“Wozzeck” at the Met

Have you seen the current production of Wozzeck at the Met? It’s been generally favorably reviewed, but I was troubled, as was, to some extent, Alex Ross in The New Yorker. The Kentridge production is simply too visually busy. The projections – some animated, some slowly shifting, amidst a cluttered set full of ramps and junk – were a distraction from Berg’s intricately crafted score. Maybe this kind of thing worked for The Nose, the Shostakovich opera presented by the Met in a Kentridge production several years ago; with thinner music, perhaps there was room for such a flood of images. Specific moments troubled me as well. It added nothing to have Wozzeck fussing with a film projector in the opening scene instead of shaving the Captain, apart from the obvious point that the production was packed with projections. I agree with Ross that the projected explosion at the climax of the last interlude was cringe-inducingly obvious. Ross welcomed Kentridge’s choice to start the scene in the tavern after the murder of Marie during the second of the two crescendi on B-natural, but I disagree. Not only did this spoil Berg’s cinematic jump cut to the tavern scene and its out-of-tune upright piano, but it distracted from what would otherwise have been the overwhelming power of the crescendo, which should fill your consciousness at that moment, just as it fills every musical register. Kentridge’s preference for slowly shifting images throughout the evening went against Berg’s choice of an abrupt juxtaposition at that moment. All night there were haunting images, but too many of them. (Was one of the projected images of detached heads in a field supposed to look like Schoenberg? That would be a fine piece of Freudian patricide on Berg’s behalf.) The performance was very fine; do I remember Levine’s performances as more shattering because of their inherent properties, or because I was struggling to attend to the music last night?

Expectation in New York

Schoenberg’s Erwartung (Expectation) was the closing work on the New York Philharmonic concert I attended back on the 9th. Like a good deal of Schoenberg, it is music I more respect than love.* Quite unlike Wozzeck, to cite another expressionist opera,  I have no emotional connection with Erwartung.** The piece lacks a compelling shape, something Wozzeck certainly has. (I am not referring to the formal schemes Berg employed - suite, symphony, etc. but to the dramatic contour.) The individual gestures in the Schoenberg are striking - some rather more than others. Unsurprisingly, the moments where the ear can latch onto some sort of repeated pattern are the most telling - for example, the brief bustling spot where the harmony is built up and then quickly dismantled in steady sixteenth note rhythm. The fertility of invention is astounding, but ultimately tiresome. Deborah Voigt’s performance was powerful, with plenty of variety in tone and character. It was a good example of a strong performance selling a difficult piece, as the audience called her back repeatedly. I thought David Robertson was superb here and all through the evening. I have commented elsewhere about sitting at a performance of Shostakovich’s Lady Macbeth and thinking, “Well, it ain’t Berg”. I’m sorry to say I was thinking the same thing at Erwartung.

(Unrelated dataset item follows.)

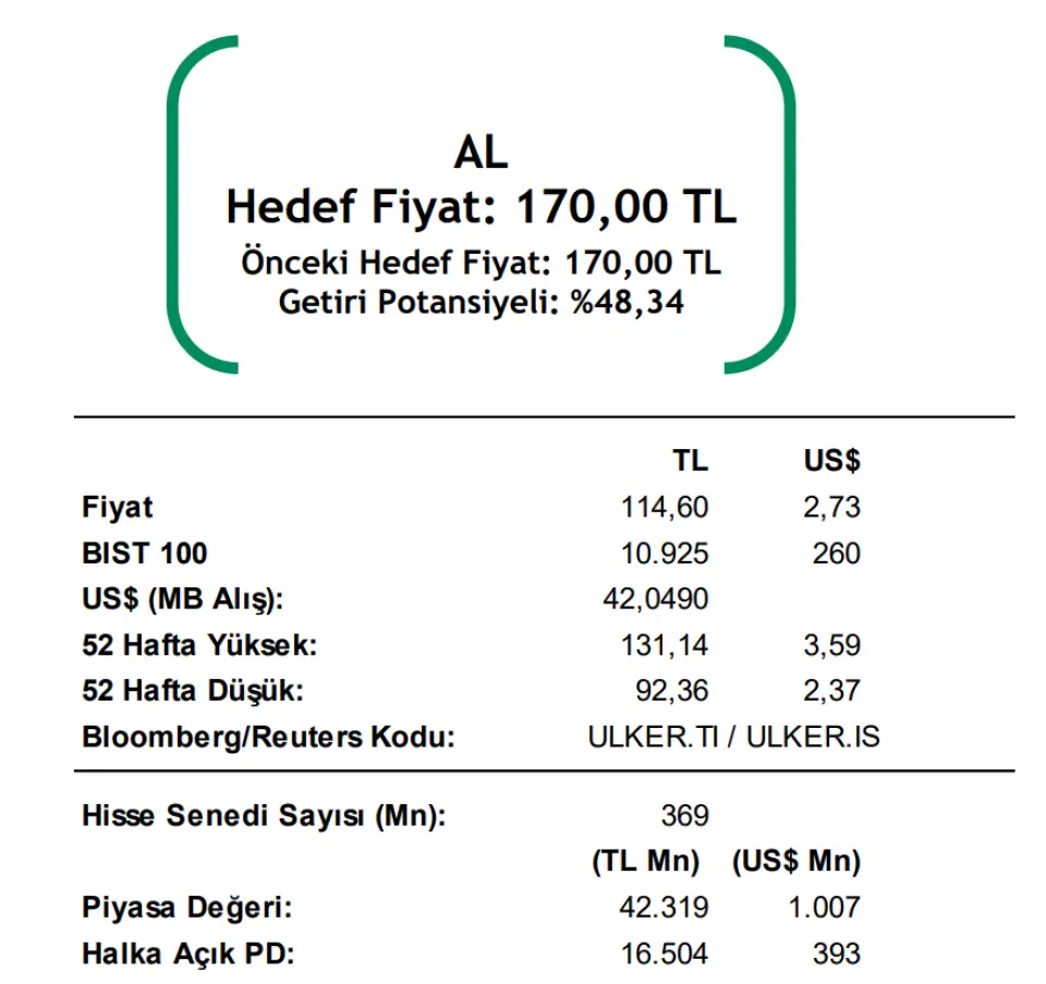 Aracı kurum hisse için 170 TL'lik bir hedef fiyat verdi.Bunun yanında hissenin güncel fiyatına göre hedef fiyat %48,34'lük bir getiri potansiyleini yansıtıyor. Aracı kurumun raporu şu şekilde:

The program started with Shostakovich’s first symphony. I had forgotten the piece, but the bits that show up in the orchestration textbooks - the timpani and piano solos, for example - brought it back to me. Even with a piece that early in Shostakovich’s career, the listener is left wondering just how sincere and how ironic the music is supposed to be. After intermission, there were announcements and speeches honoring retiring members of the Philharmonic. Surely there was no playful intent, but it was a little funny to then perform Rachmaninoff’s The Isle of the Dead immediately after a ceremony for retirees!

______________
*Kyle Gann has written about how few pieces by Schoenberg people actually like. I think my list might be longer than his, but it includes the 2nd and 4th quartets, Transfigured Night, Gurrelieder, the first Chamber Symphony, Pierrot, the piano suite, the Serenade, Book of the Hanging Gardens, the String Trio, Ode to Napoleon, Moses and Aron, perhaps a few others I am forgetting. The “respect” list includes a number of other pieces; and then there are the ones I actively dislike. Everyone  I have ever talked to about it (OK, so not that many people) hates the Wind Quintet.

**I also feel little emotional connection with Lulu, but that is a different situation because the music is so gorgeous.